In the area of ensuring the safety of clients, the Defender found most shortcomings in the incorrect use of sideboards. Even though employees of facilities were aware that a sideboard could restrain the client’s movement, they were not concerned with the purpose of its use if the client’s guardian or relative had given consent to its use. The Defender repeatedly explained that the use of a sideboard was right if its purpose was to protect the client from fall after other less restrictive preventive measures had been tried out without success or their use had been excluded beforehand for a justified cause. In such a case sideboards are a standard nursing instrument and the consent of third persons is without legal significance. However, the use of sideboards for the purpose of restraining the client’s movement is undesirable and it cannot be made good by potential consent. Insufficient prevention of falls was another frequent shortcoming. Falls may have very serious consequences for elderly people (e.g. fractures, head injuries, anxiety, depressions and so on). The Defender criticised the absence of a systematic fall risk assessment, the absence of a proper analysis of the causes, the absence of preventive measures and of transparent statistics of falls.

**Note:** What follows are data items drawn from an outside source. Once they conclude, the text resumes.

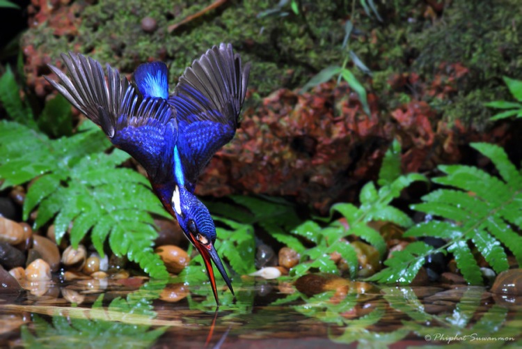 Фантастически редкие кадры удалось сделать фотографу из Таиланда Philphat Suwanmon. Он снял рыбалку голубого зимородка. Около двух лет он пытался выследить охотящихся птиц и ему улыбнулась удача. На одном из болот он нашел пару зимородков, самца и самку.
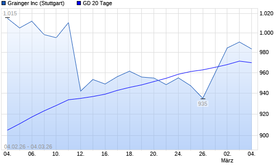 Mit dem Anstieg auf 975,60 EUR hat die W. W. Grainger-Aktie am 03.03.2026 die 20-Tage-Linie nach oben gekreuzt.Die W. W. Grainger-Aktie befindet sich seit dem 09.01.2026 im ...weiterlesen
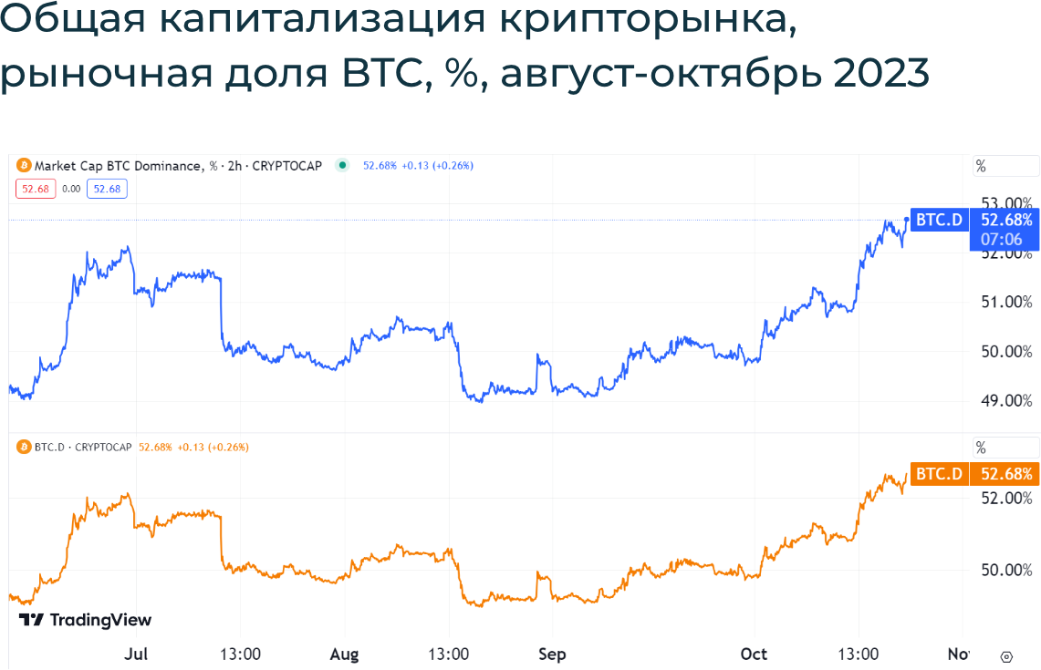 Спекуляции вокруг одобрения спотового BTC-ETF поддержали рынок, хоть и позднее были опровергнуты. JP Morgan заявили, что ожидают одобрения от SEC в течении ближайших месяцев. Также регуляторы ЕС и США похоже смирились с принятием криптовалюты, и форсированно внедряют регуляции для криптокомпаний. Это касается как сотрудничества с налоговыми властями, так и лицензированием криптокомпаний.

The Defender also obtained findings about the shortage of funds in the given area of social services, although that was not the purpose of the visits. Social services are funded from multiple sources and subsidies from the State budget remain an important source for the providers. The size of subsidies earmarked for this area is stagnating or declining. Providers of social services are thus forced to reduce the working hours of professional medical staff; and headcount reduction also concerns direct care workers. This situation affects the quality of the provided care and negatively impacts the life of clients in the facilities. In some cases the facilities consequently cannot comply with the quality standards of care for this specific target group of clients. For example, in one facility the Defender recommended on-site presence of a head nurse on a daily basis and he acknowledged the care for clients provided by a sufficient number of direct care workers. The facility subsequently informed the Defender that it was forced to reduce the working hours of the medical staff and lay off more direct care workers.

Generalized findings, related recommendations and systemic evaluation will be published by the Defender in a summary report in 2014. In 2013 he already prepared and published partial outputs for practical use, such as “Extracts from reports on visits to facilities for elderly people” or a paper on the problems in ensuring the nutrition of elderly people.